संकीलकः प्रतिखुरः परिघो अथ बीजस्तेषूर्ध्वबाहुचरणैः शिरसा च योनिम् |
सङ्गी च यो भवति कीलकवत् स कोलो दृश्यैः खुरैः प्रतिखुरं स हि कायसङ्गी |
गच्छेद्भुजद्वय – शिराः स च बीजकाख्यो योनौ स्थितः स परिघः परिघेण तुल्यः || ६ ||

saṅkīlakaḥ pratikhuraḥ parighō atha bījastēṣūrdhvabāhucaraṇaiḥ śirasā ca yōnim |
saṅgī ca yō bhavati kīlakavat sa kōlō dr̥śyaiḥ khuraiḥ pratikhuraṁ sa hi kāyasaṅgī |
gacchēdbhujadvaya – śirāḥ sa ca bījakākhyō yōnau sthitaḥ sa parighaḥ parighēṇa tulyaḥ || 6 ||

Kilaka, Pratikhura, parigha and bijadosha are the four other presentations.

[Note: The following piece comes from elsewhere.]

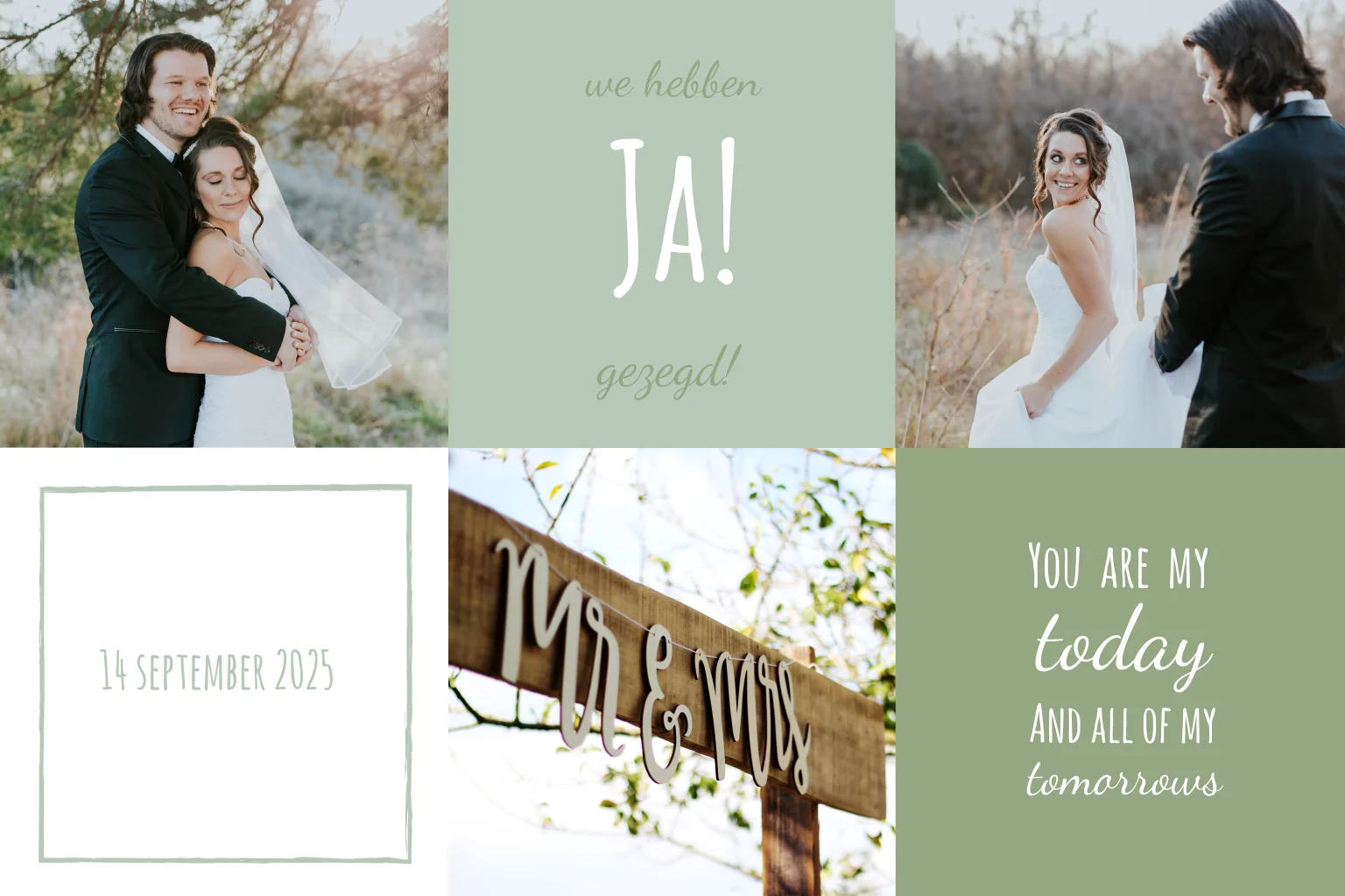We said yes! Hippe kaart om te laten weten dat jullie getrouwd zijn. In de vakjes kun je eigen foto's toevoegen van jullie dag. De teksten in de groene blokjes en op de achterkant kun je naar wens aanpassen in de online editor.

The mouth of the uterus is blocked by the raised hand or feet of the fetus in cases. This condition is known as Kilaka; bending of the body of the fetus like a horse’s hoof with both of its hands and feet coming closer in front, obstructing the uterus is a condition that has been identified as Pratikhura; the two shoulders and head of the fetus obstructing is Bijaka. Finally, there is a condition known as Parigha, in which the fetus remains in transverse position like the bolt of a door inside the uterus. 6

अपविद्धशिरा या तु शीताङ्गी निरपत्रपा |
निलोद्गतसिरा हन्ति स गर्भं स च तां तथा || ७ ||

apaviddhaśirā yā tu śītāṅgī nirapatrapā |
nilōdgatasirā hanti sa garbhaṁ sa ca tāṁ tathā || 7 ||

The features that can prove fatal to the expectant mother and to her child include the following:

  • One who is unable to hold her head upright,
  • whose body has turned cold,
  • who has lost her natural shyness (nirapatrapa), and
  • who has developed prominent and blue colour veins on the stomach. 7

Intrauterine Fetal death

गर्भास्पन्दनमावीनां प्रणाशः श्याव – पाण्डुता |
भवेदुच्छ्वासपूतित्वं शूनता अन्तर्मृते शिशौ || ८ ||

garbhāspandanamāvīnāṁ praṇāśaḥ śyāva – pāṇḍutā |
bhavēducchvāsapūtitvaṁ śūnatā antarmr̥tē śiśau || 8 ||

Features of the woman whose fetus has turned dead inside include the following:

  • Absence of fetal movements as well as labour pain,
  • body of mother turning blue or yellowish white,
  • appearance of bad smell in her breath and
  • an abnormally large stomach. 8

Causes of intrauterine fetal death

मनसागन्तुभिर्मातुरूपतापैः प्रपीडितः |
गर्भो व्यापध्यते कुक्षौ व्याधिभिश्च निपीडितः || ९ ||

manasāgantubhirmāturūpatāpaiḥ prapīḍitaḥ |
garbhō vyāpadhyatē kukṣau vyādhibhiśca nipīḍitaḥ || 9 ||

The fetus may die within the uterus due to mental disorders, external injury, and excessive physical strain for the mother and as an effect of several diseases. 9

Complications

योनिसंवरणं सङ्घः कुक्षौ मक्कल्ल एव च |
हन्युः स्त्रियं मूढगर्भां यथोक्ताश्चाप्युपद्रवाः || १० ||

yōnisanvaraṇaṁ saṅghaḥ kukṣau makkalla ēva ca |
hanyuḥ striyaṁ mūḍhagarbhāṁ yathōktāścāpyupadravāḥ || 10 ||

Implications of the mudhagarbha that is going to kill the woman include the following:

  • Total blockage of the uterus (yonisamvarana)
  • Dead fetus staying in the uterus for long time (kukshi sanga)
  • And pain after delivery (makkalla). 10

Makkalla

वायुः प्रकुपितः कुर्यात् संरुध्य रुधिरं स्रुतम् |
सूताया ह्रुच्छिरो – बस्तिशूलं मक्कल्ल संज्ञकं || ११ ||

vāyuḥ prakupitaḥ kuryāt sanrudhya rudhiraṁ srutam |
sūtāyā hrucchirō – bastiśūlaṁ makkalla sañjñakaṁ || 11 ||

The gynecological disease caused due to morbid increase in vaata, associated with the blockage to the discharge of uterine fluid after delivery along with pain in the region of the heart, head and urinary bladder has been identified as Makkalla.

इति श्री माधवकरविरचिते माधवनिदाने मूढगर्भनिदानं समाप्तम् || ६४ ||

iti śrī mādhavakaraviracitē mādhavanidānē mūḍhagarbhanidānaṁ samāptam || 64 ||

Thus concludes the chapter on Moodhagarbha.